Adani Portfolio FY26 Capex Creates Strong India Impact
Adani FY26 Capex Report Brings Strong Confidence to the Infrastructure Sector
India is currently witnessing one of its largest infrastructure expansion phases. The Union Government has continued to increase spending on roads, railways, ports, airports, power transmission and renewable energy projects over the past few years. Against this backdrop, the Adani Portfolio’s FY26 capital expenditure of INR 1,52,967 crore stands out as one of the biggest annual private-sector infrastructure investments ever seen in the country. Industry observers often note that large-scale private investment is critical for supporting India’s long-term target of becoming a developed economy.
The company’s decision to direct nearly 80 per cent of its investment towards energy, utilities, transport and logistics also reflects a wider trend in India. Electricity demand continues to rise as manufacturing, digital services and urban development expand. At the same time, growing cargo movement through ports and increasing passenger traffic at airports are creating demand for new infrastructure assets.
One of the most significant developments mentioned in the release is the commissioning of 5.1 GW of renewable energy capacity. According to company disclosures and industry reports, this represents one of the largest annual renewable capacity additions by a private company globally outside China. Renewable energy has become a major focus area for India as the country works towards ambitious clean-energy goals and greater energy security.
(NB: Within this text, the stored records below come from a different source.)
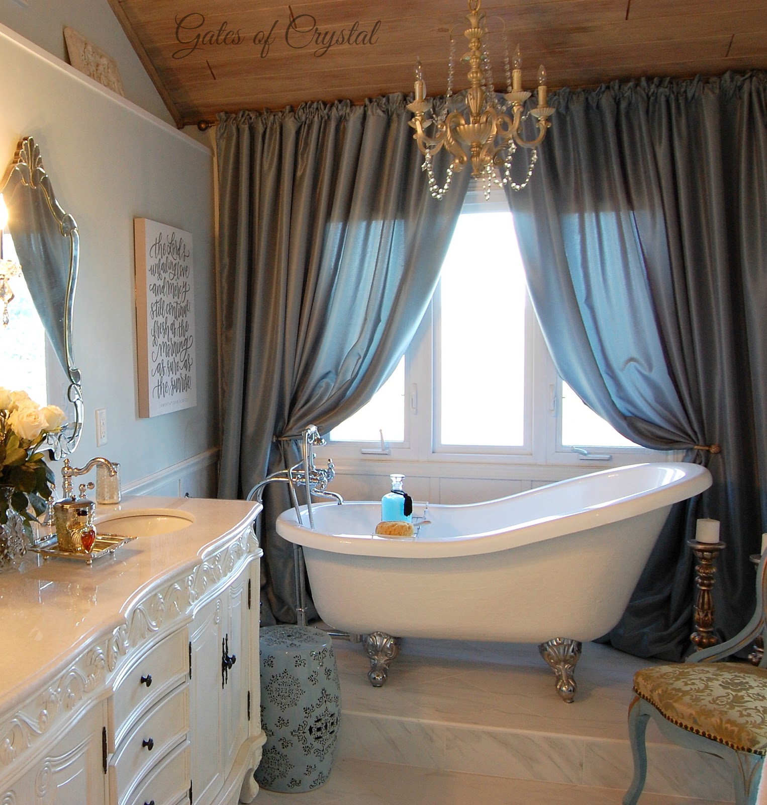 It softened the ceiling nicely, giving it the rustic wood feel that I love. The chandelier in here is the same. I removed the crystals and then gave it a coat of antique white paint, then a coat of gold and silver.
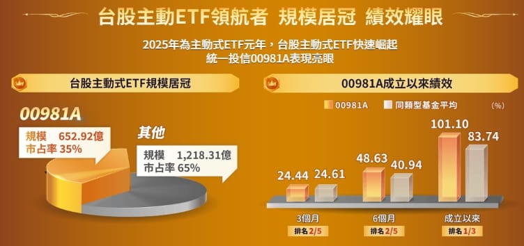 戰績說話: 投資人指出 00981A 規模已衝上 1,833 億元,年初至今報酬達 62.64%,這讓市場對「統一」品牌的主動選股能力充滿信心。
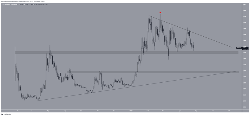 El precio de OP ha caído bajo una línea de resistencia descendente desde principios de febrero. Además de la línea, el precio también reaccionó al área de soporte horizontal de 2 dólares.
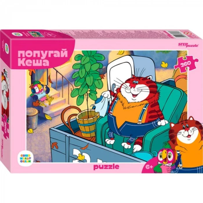 Пазл "Попугай Кеша" состоит из 260 деталей. В центре картинки мы видим кота Василия, который вальяжно развалился в кресле и на прощание перед переездом машет Кеше белым платочком. Характеристики пазла: стандартные детали пазла (2х1,7 см); размер собранного изображения -24х34,5 см; материал -картон; качественное изображение; экологически чистые, нетоксичные материалы (компания Step Puzzle гарантирует высокое качество пазла и точность подгонки). Пазл "Попугай Кеша" оценят и взрослые, и дети, ведь он сделан по мотивам нестареющего мультфильма. Для комфортной сборки пазла советуем приобрести специальный коврик. Рекомендуем приобрести специальный клей для пазлов, чтобы скрепить детали мозаики между собой и получить цельную картину.
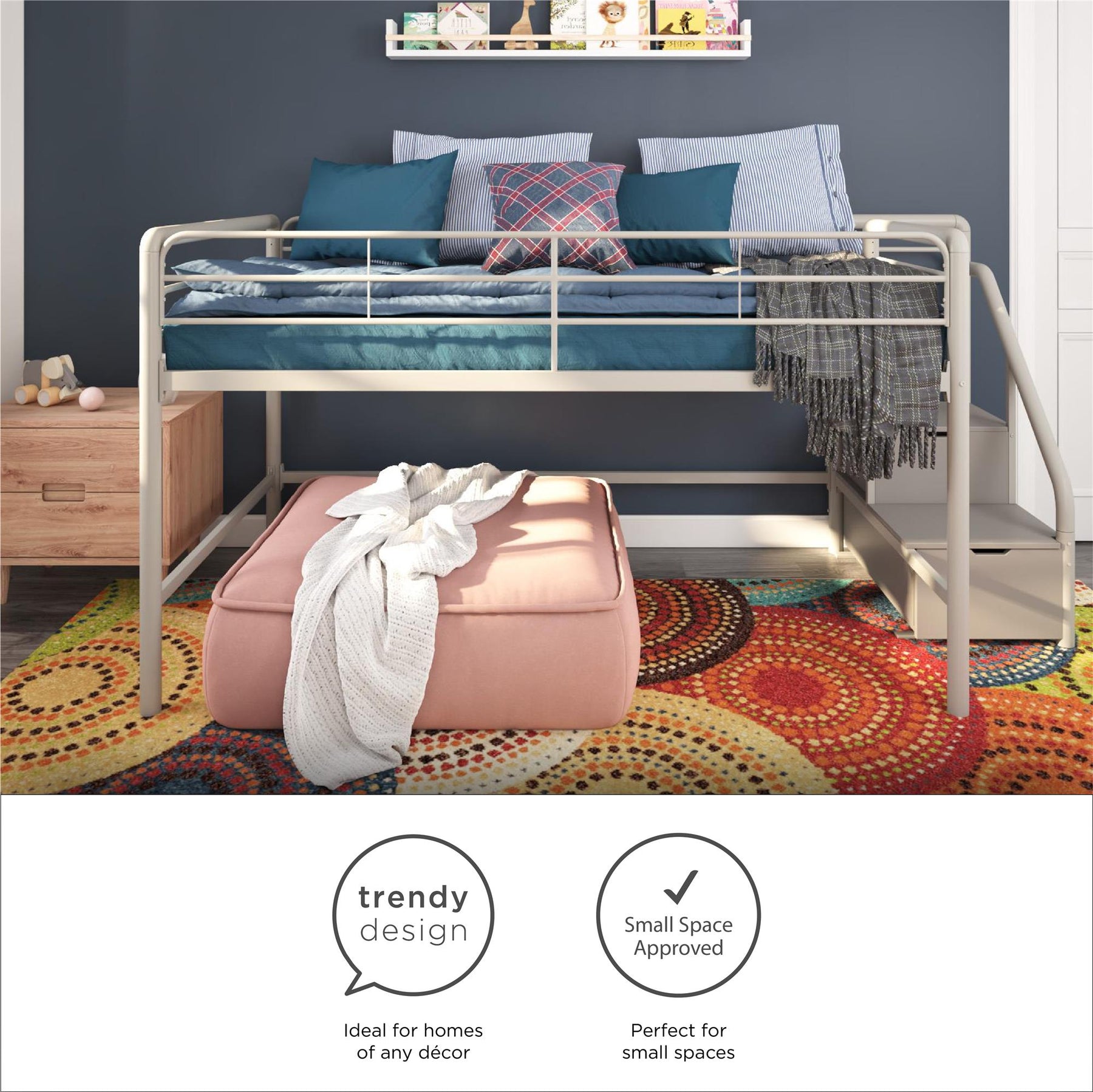 The RealRooms's San Junior Metal Loft Bed with Storage Steps is a great small space Sanution for any kid's room. Built with a shorter than typical frame height, this loft bed wants to make sure that your kids are 100% safe. It includes a built-in storage steps and full-length guardrails to ensure that the construction is secure and sturdy. What's even better, the steps include two storage drawers that provide the perfect place for your children to neatly store their toys and books. No more excuses for a messy room! Under the loft, they also have more than enough space to play or do homework with their friends. Made for use without any additional box spring or foundation, this Junior Loft Bed with Storage Steps comes in multiple colors combinations and accommodates a standard twin size mattress (Sand separately). Suggested use with a mattress between 4" and 6". Children must be over 6 years of age to use the upper bunk bed.
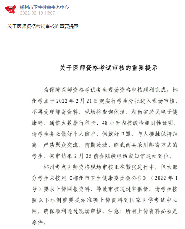 郴州考點2022年2月21日起實行醫(yī)師資格考生分批進入現(xiàn)場審核!
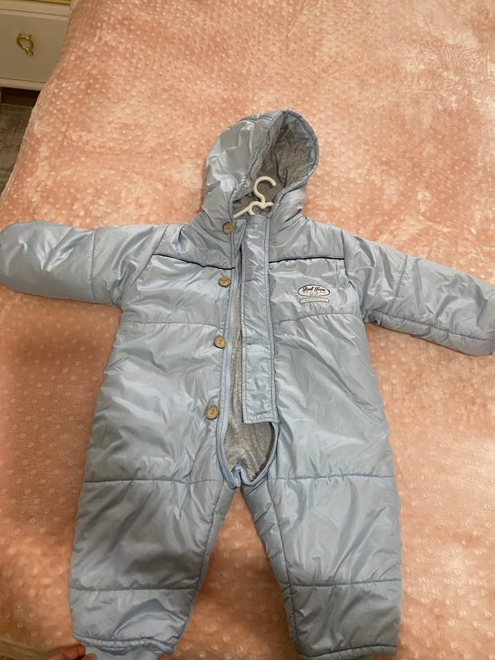 Gri renkte, kapüşonunda kürk detayı bulunan ve içi yumuşak polar kumaşla kaplanmış bebek tulumu. Desensiz ve sokak stilinde tasarlanmıştır. ❄️
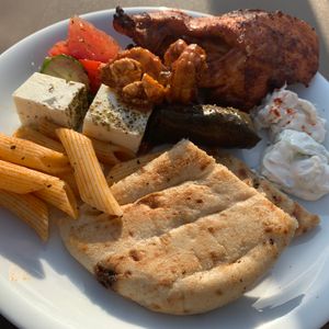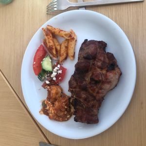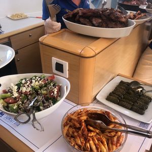 食事はビーチのあと出ました。ギリシャ風の料理と、乗船時にアンケートをとった肉料理。鶏胸肉か豚のステーキなんですが、豚が本当に美味しかったです!欧米人の方は本当に食事の量が少ないので、普通にとって食べるとちょっと恥ずかしくなりますね(笑)
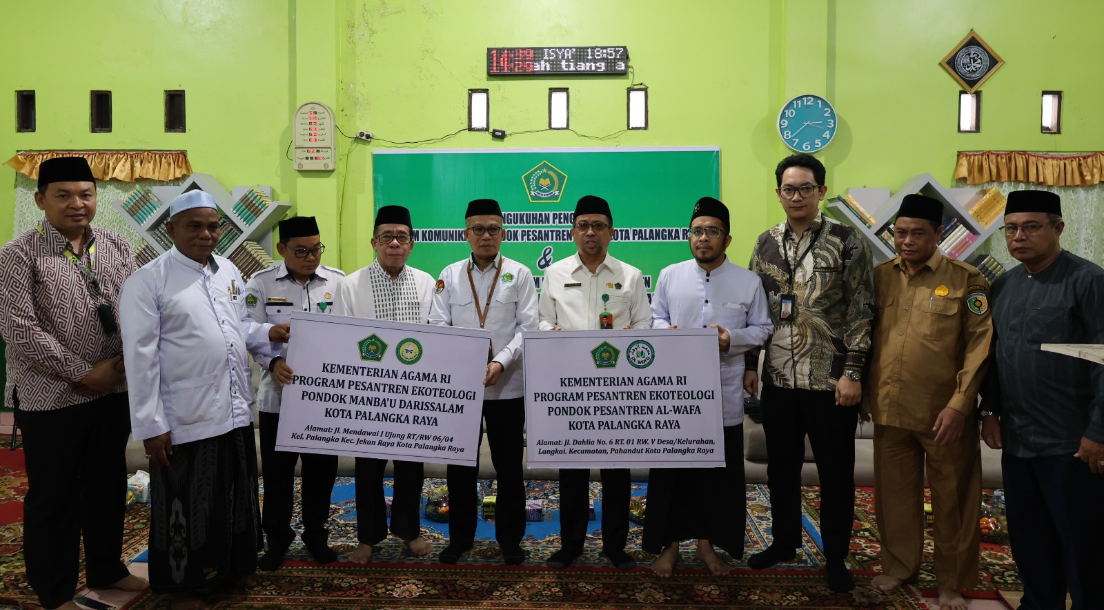 Launching program ditandai dengan penyerahan plang Program Ekoteologi Pesantren kepada pimpinan pondok pesantren oleh Kakanwil Kemenag Kalteng H. Yusi Abdhian bersama Kepala Kemenag Kota Palangka Raya H. Muhidin Arifin.
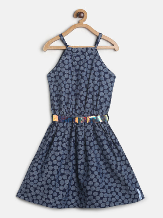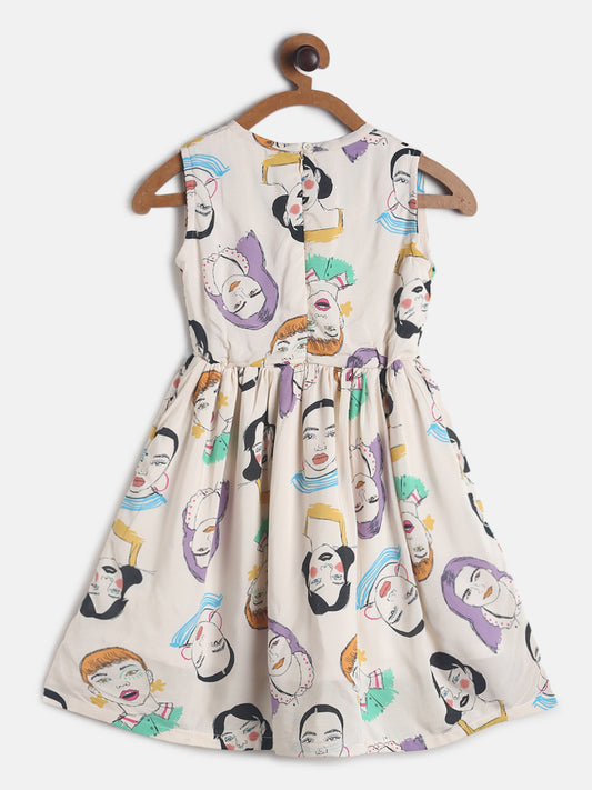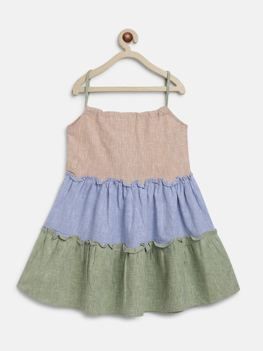 Girls Multi Color 100% Cotton Sleeveless Regular Fit Slubs Dress
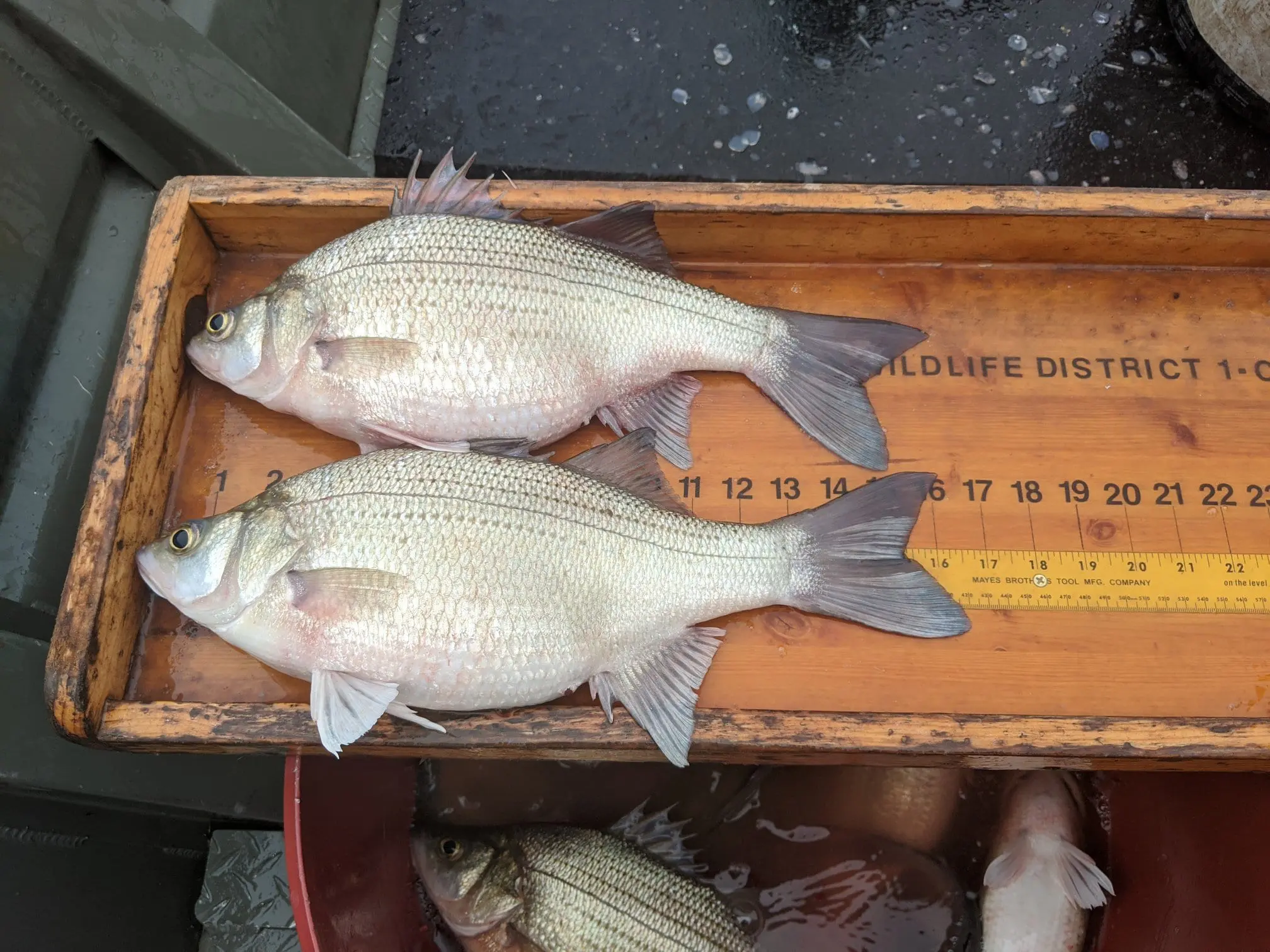 The huge white bass caught their attention. They sampled 6 bass that were over 2.5 pounds, with the largest at 17.9 inches and 3.27 pounds. Two of the white bass sampled would have beaten the current lake record of 2.7 pounds.
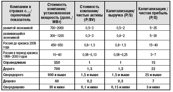 Начнем с внутренней информации «РАО ЭС Востока». Страна – Россия. Рассматривать особенности государства не будем, так как это элементарный вопрос. Отрасль – энергетика. Нас интересует критерии оценки компаний энергетического сектора. Здесь также ничего нет сложного. Для оценки (сравнения) используют следующие показатели: установленные мощности; протяженность сетей; планы будущей деятельности по вводу новых мощностей и т. д. Можно добавить производственные показатели (выработка электроэнергии, тепла). Что касается финансовых результатов деятельности, то берут во внимание следующие показатели (руб.): стоимость чистых активов; объем продаж; величина чистой прибыли и некоторые другие. Так же нам для расчета пригодится информация о количестве выпущенных акций. Что имеем? Количество акций – 43 117 млн шт. (Количество привилегированных акций составляет 5 %, соответственно, в расчете капитализации, а также всех оценочных показателей будем использовать общую сумму акций.) Величина чистых активов. Возьмем данные за девять месяцев 2008 года (далее была произведена переоценка) – 53 млрд руб. Установленные мощности не менее 4,7 ГВт (взяли удельные веса по Д30). Так как для упрощения задачи будут взяты два показателя – установленная мощность и стоимость чистых активов, – расчет общей выручки и чистой прибыли не приводится. Данные показатели читатель может рассчитать самостоятельно.
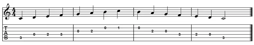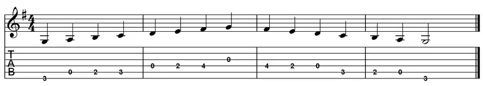 Anti-clockwise the root note of each scale forms the interval of a fourth with the root note of the following scale.
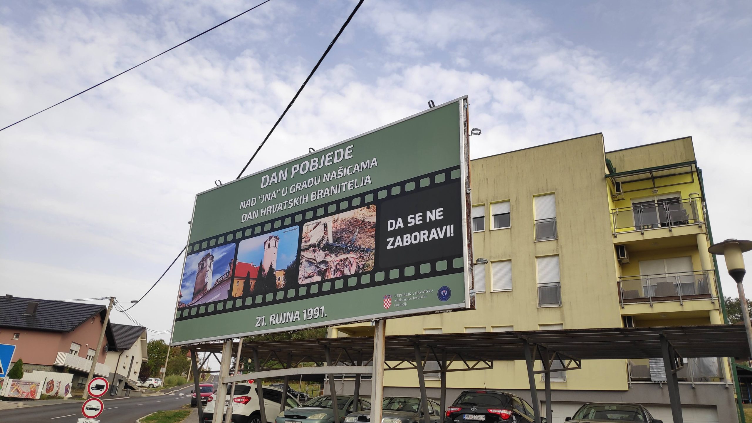 Povodom obilježavanja Dana pobjede nad JNA u gradu Našicama 21. rujna i Dana hrvatskih branitelja Grada Našica, Udruga udovica hrvatskih branitelja iz Domovinskog rata Našice, kao nositeljica projekta, inicirala je postavljanje jumbo plakata na kružnom toku kod našičke vojarne „da se nikada ne zaboravi”.

The expansion of battery energy storage systems is also noteworthy. Energy storage is increasingly viewed as a key part of the renewable energy ecosystem because it helps manage fluctuations in solar and wind power generation. The Khavda project in Gujarat, referred to in the release, has emerged as one of the most closely watched renewable energy developments in the world due to its scale and planned capacity.
The operational launch of Navi Mumbai International Airport marks another major milestone. Aviation experts have long argued that Mumbai’s existing airport is operating under severe capacity constraints. The new airport is expected to support growing passenger traffic, improve regional connectivity and create new economic opportunities around the Mumbai Metropolitan Region. Rating agencies have also highlighted the airport’s potential contribution to future revenue growth.
The Ganga Expressway project, which became operational in April 2026, is expected to improve connectivity across Uttar Pradesh. Large expressway projects are often viewed as economic multipliers because they can reduce travel time, improve logistics efficiency and support industrial development along the corridor. Analysts have been closely monitoring the project because of its scale and strategic importance.
Another important point in the release is the group’s declining borrowing cost. The average cost of debt has reduced to 7.8 per cent from 9 per cent two years ago. Financial analysts generally view lower borrowing costs as a sign of improving lender confidence and stronger credit quality. The fact that all Adani assets now carry domestic ratings of A- or above further supports this trend.
The portfolio’s net debt-to-EBITDA ratio of 3.3 times is also being presented as a sign of financial discipline. Infrastructure businesses usually require significant upfront investment and, therefore, often carry higher debt levels than other industries. Maintaining leverage below the company’s stated guidance while simultaneously executing record capital expenditure is likely to be closely watched by investors and lenders.
Within the individual businesses, Adani Ports & SEZ delivered one of the strongest performances. Cargo volumes crossed 500 million metric tonnes during the year, reflecting continued growth in India’s trade and logistics sectors. Ports remain a crucial component of the country’s supply chain network, particularly as exports and imports expand.
Adani Energy Solutions’ progress in smart metering also aligns with a broader national effort to modernise India’s power distribution system. Smart meters are expected to improve billing efficiency, reduce losses and help consumers monitor electricity usage more effectively. Industry estimates suggest that the opportunity for smart meter deployment in India remains substantial in the years ahead.
The airport business handled more than 95 million passengers during FY26, highlighting the continued recovery and growth of India’s aviation sector. Passenger traffic across the country has been supported by rising incomes, stronger domestic tourism and increasing regional air connectivity. Credit rating agencies have identified airport operations as an important driver of future earnings growth.
Taken together, the FY26 results suggest that the Adani Portfolio is entering a new phase where recently commissioned assets begin contributing to earnings and cash flow. With renewable energy projects, airports, roads, ports, smart metering and transmission infrastructure all expanding simultaneously, FY27 is expected to be closely watched by investors to assess how these large investments translate into operational performance and long-term returns.